This is the kindest and most brilliant gesture to the female population I have ever come across. Matching my love of beer with my desire to not go fucking crazy once a month? Go Czechs!
TODAY IN AWESOME LISTS OF CELEBRITIES THAT ARE FUCKED UP ON DRUGS LIKE LINDSAY LOHAN:

"Lohan joins a long list of young actors who have battled problems with drugs, alcohol, or both. They include River Phoenix, Drew Barrymore, Corey Feldman, Anissa Jones, Danny Bonaduce and Macaulay Culkin." -yahoo news

ha ha ha. Danny Bonaduce. Ha ha ha.

That rules.

Monday, July 23, 2007

TODAY IN WHO SAW THAT COMING?:

Drew Carey was officially named as the new host of The Price is Right. I think this is the latest down step in what was once a promising career for a shapeless and funny comedian. I don't know if you "plebes" have ever seen his stand up, but its lovely. He had a joke about being drunk and driving up on the side walk 'round Christmas time that I quote to this day. (I just did I youtube search and couldn't find a thing!)Then he had that so-so sitcom with the weird musical numbers that I WANTED to like because I certainly love musicals (no problem with youtube there: http://www.youtube.com/watch?v=iI3Ay_0ehQ0)and then he FUCKED up "Who's Line is it Anyway" for Americans by announcing OUT LOUD every FIVE MINUTES that the points didn't matter, which is something that it took you at least 10 episodes of the English show to realize.
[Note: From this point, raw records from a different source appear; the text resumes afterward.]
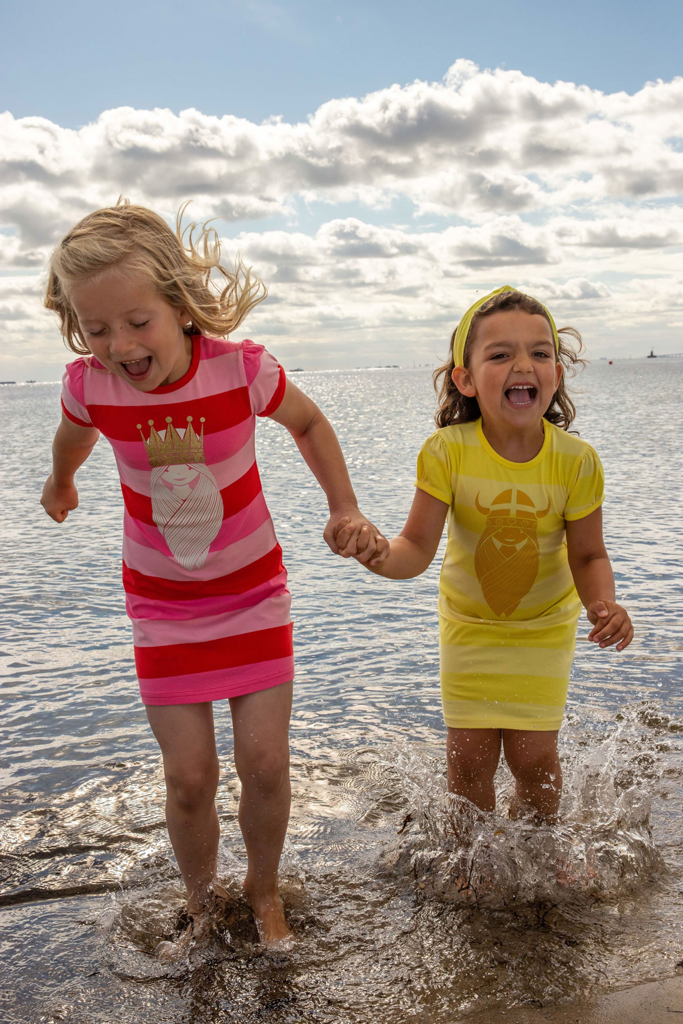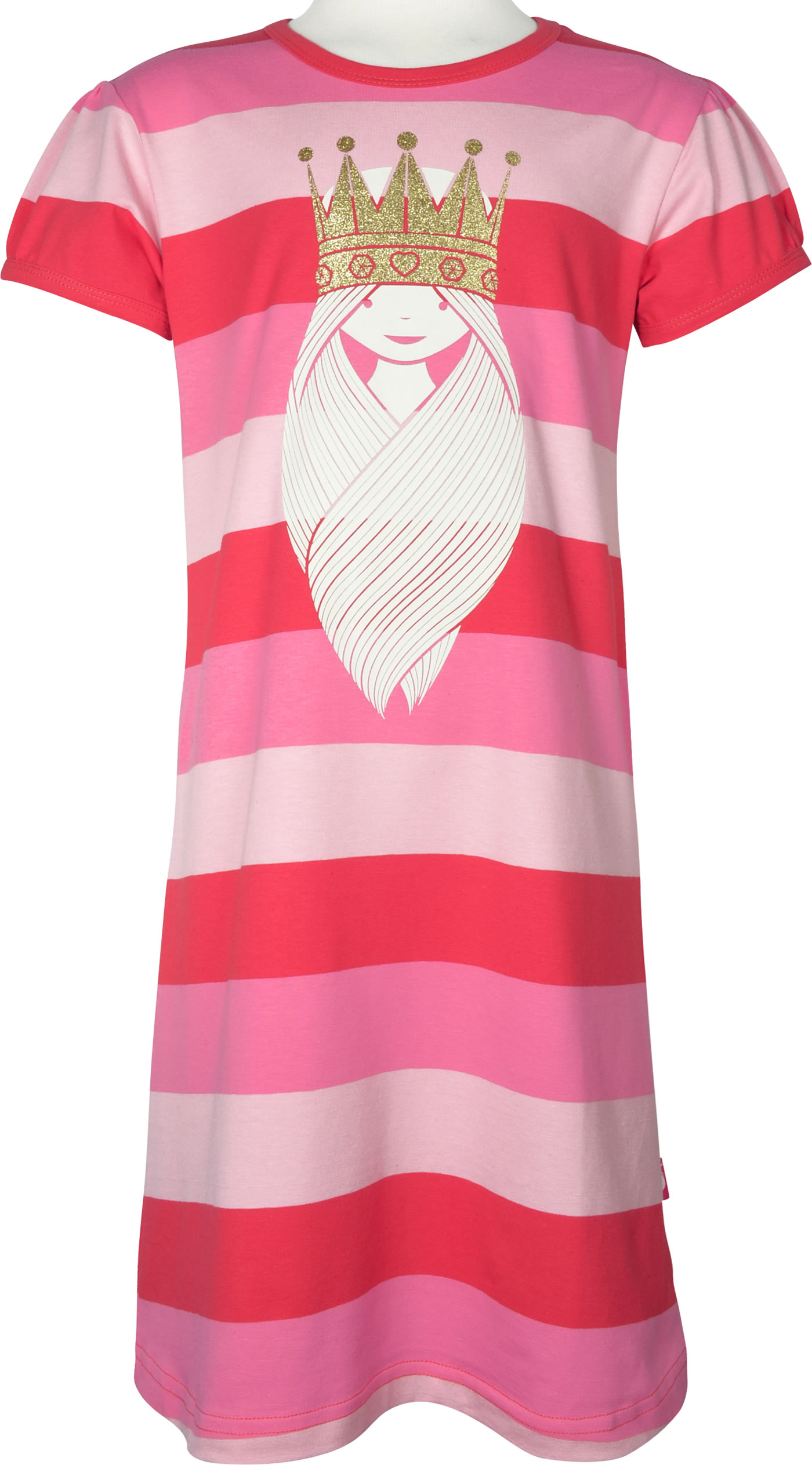 Striped jersey dress with short sleeves by DANEFAE. On the front, the Viking princess Freja enchants with a glittering crown. Another nice detail are the gathered sleeves. The pleasant material offers a high level of comfort.
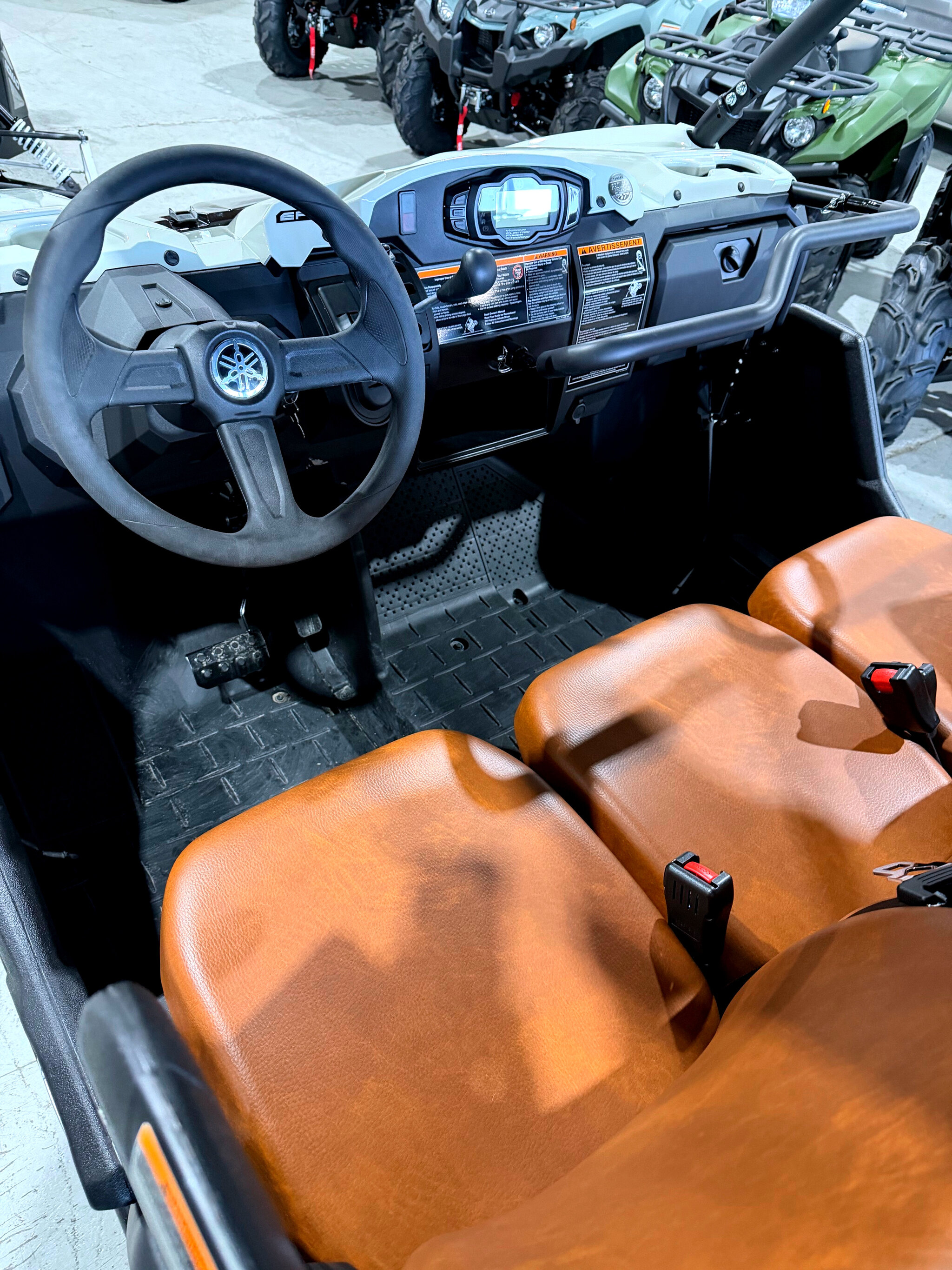 • Roomy 3-person seating with 3-point seat belts & passenger hand holds.
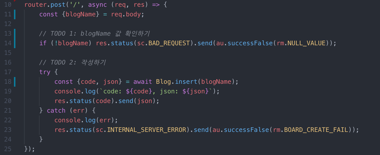 blogs.js도 전체적인 구조는 비슷하기 때문에 CREATE 부분만 다루도록 하겠다.
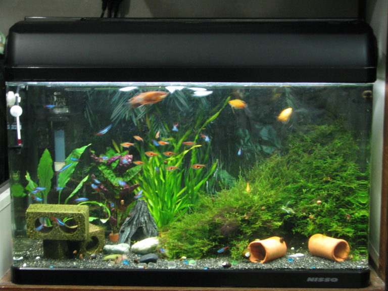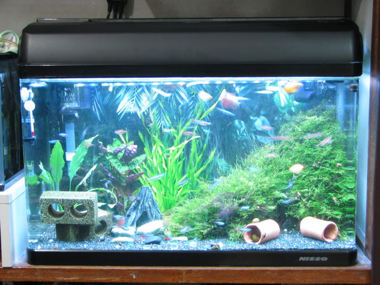 水替えがちょっと大変(30cm水槽と違って水がいっぱいの時に持ち運べない)ですが、ろ過さえきちんとしていれば半年に一度ほどの水替えで何の問題もありません。

As well as forcing Wayne Brady on the world. And now, he's going to age on TV like a sad child actor, only instead of becoming hot and legal, he will become pasty and wrinkly and then he will die. The price is wrong. So very wrong.
TODAY IN FYI:


You know that really annoying person who eats a breakfast sandwich on the subway and pokes you with their umbrella and then everytime they turn the page of their Entertainment Magazine they scrape your arm with the edge? That's me. I am the subway asshole.
TODAY IN AMAZING OFFENSIVE SIGNS At Dunkin' Donuts/Baskin Robbins behind the cooler where you get water bottles:

NO PETS PLEASE
But We Do Allow Imaginary Friends

service animals assisting customers are always welcome

Ohhh! Burn! You thought you're frickin' seeing eye dog was your friend, you thought that because "dog is man's best friend" that your working dog is also that friendly with you, but NO! That friendship is all in you imagination! I mean, sure your service animal pretends to be your friend when he's working, but the minute he's off the clock he hits the dog park with his buddies, its all "man, screw my master!" and then they eat poop. the end.

Thursday, July 19, 2007

TODAYS SUPER BRILLIANT INSIDE-MY-BRAIN DIGRESSION:


"Ah, Dunkin' Donuts: Necter of the Gods....well, Nector of the Less Impressive Gods....or....Nector of the Demi-Gods....hmmm...Nector of the humans...not so much nector....Dunkin' Donuts: Drink of the Humans...eh...average humans...well...Dunkin' Donut's: Drink of the Subhumans."

Tuesday, July 17, 2007

TODAY IN NATURE:


"A worker holds two weeks old black panther,
Milica in Belgrade's Zoo, Saturday, July 14,
2007. The cub is adopted by a dog, who helps
rear it along with her own puppies, after baby
panther's mother tried to eat it.
(AP Photo/Darko Vojinovic)"

I hate to say it, but what if mom tried to eat it 'cause it's evil? Just something to think about.
DOS JULY

Monday, July 16, 2007

TODAY IN THE TERRIFYING OF GREEK PEOPLE:

So being super white (read: pasty) like I am, I'm pretty used to severe sunburns in the summertime. The one I got this weekend are on the outside of my thighs, and look like a toddler attacked me with a small paint roller drenched in magenta Benjamin Moore.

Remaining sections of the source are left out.